Are there some kind of parameters beyond the innodb_buffer_pool_size that I should be configuring, either to put a firmer cap on the ram mysql uses or to get it to more effectively use resources?
Are there other sorts of diagnostics I should be running to try to detect problems with my tables, schema, etc.?
What is a "reasonable" amount of time to expect an update like this to take?
So, after consulting with several people knowledgeable about such matters, here are the solutions I came up with:
I brought my innodb_buffer_pool_size down to 4GB, i.e. 1/16th of my total system memory. This finally seemed to be enough to reliably stop MySQL from blowing through my 64GB of RAM.
I simplified my indexes so that they only contained exactly the columns I needed, and made sure that all indexes I was using were small enough to fit into RAM (with plenty of room to spare for other uses of RAM by MySQL as well).

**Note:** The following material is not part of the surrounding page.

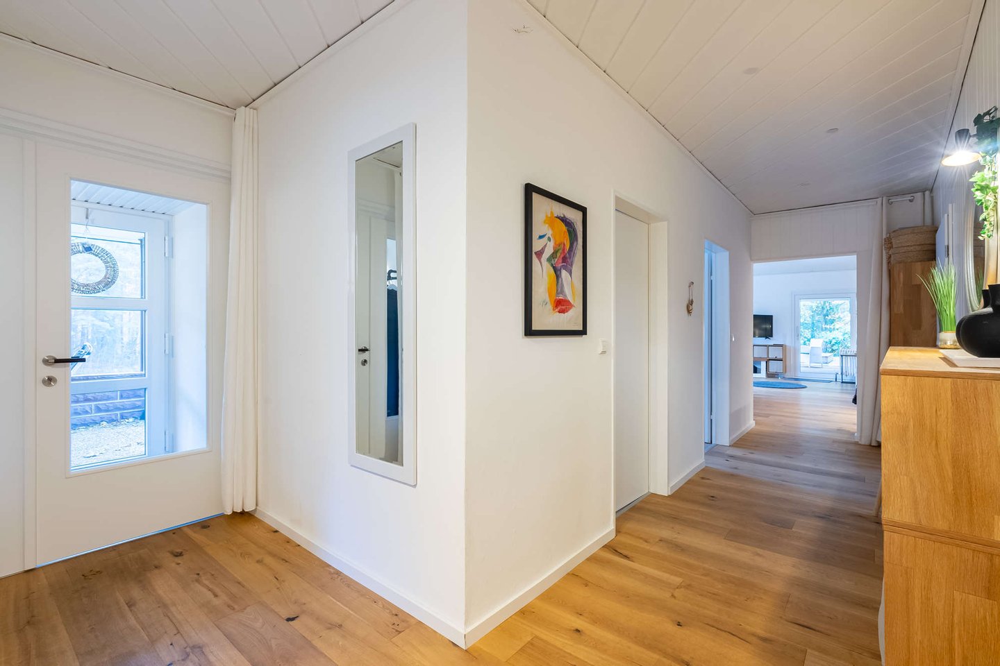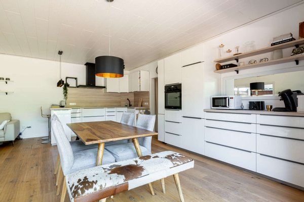 Das Wohnhaus selbst vereint Komfort und behaglichen Charme. Im offenen Wohn- und Essbereich mit Küche trifft Gemütlichkeit auf Weite. Große Fensterfronten schenken lichtdurchflutete Räume und eröffnen einen atemberaubenden Blick über den See – Natur wird hier zum Teil des Wohnens. Zwei ruhige Schlafzimmer, ein zusätzliches Arbeits- oder Gästezimmer, ein helles Bad sowie ein separates Gäste-WC bieten Komfort für die ganze Familie. Der lichtdurchflutete Wintergarten schafft einen weiteren naturnahen Rückzugsort. Ergänzt wird das Raumangebot durch mehrere großzügige und praktische Kellerräume. Auf dieser Ebene finden Sie ebenfalls die Garage, welche neben der Scheune und dem Hof ausreichend PKW Stellplätze bietet.

I learned to accept that MySQL just doesn't seem to be built for particularly large data sets (or, at least not on a single machine, even if a relatively big machine like what I have). Thus, I accepted that manually breaking up my jobs into batches would often be necessary, since apparently the machinery of MySQL doesn't have what it takes to make the right decisions about how to break a job up on its own, in order to be conscientious about system resources like RAM.
Sometimes, when doing jobs along the lines of this, or in general, on my moderately large datasets, I'll use MySQL to do my updates and joins. Other times, I'll just break the data up into chunks and then do the joining or other such operations in another program, such as R (generally using a package like data.table that handles largish data relatively efficiently).
I was also advised that alternatively, I could use something like Pig of Hive on a Hadoop cluster, which should be able to better handle data of this size.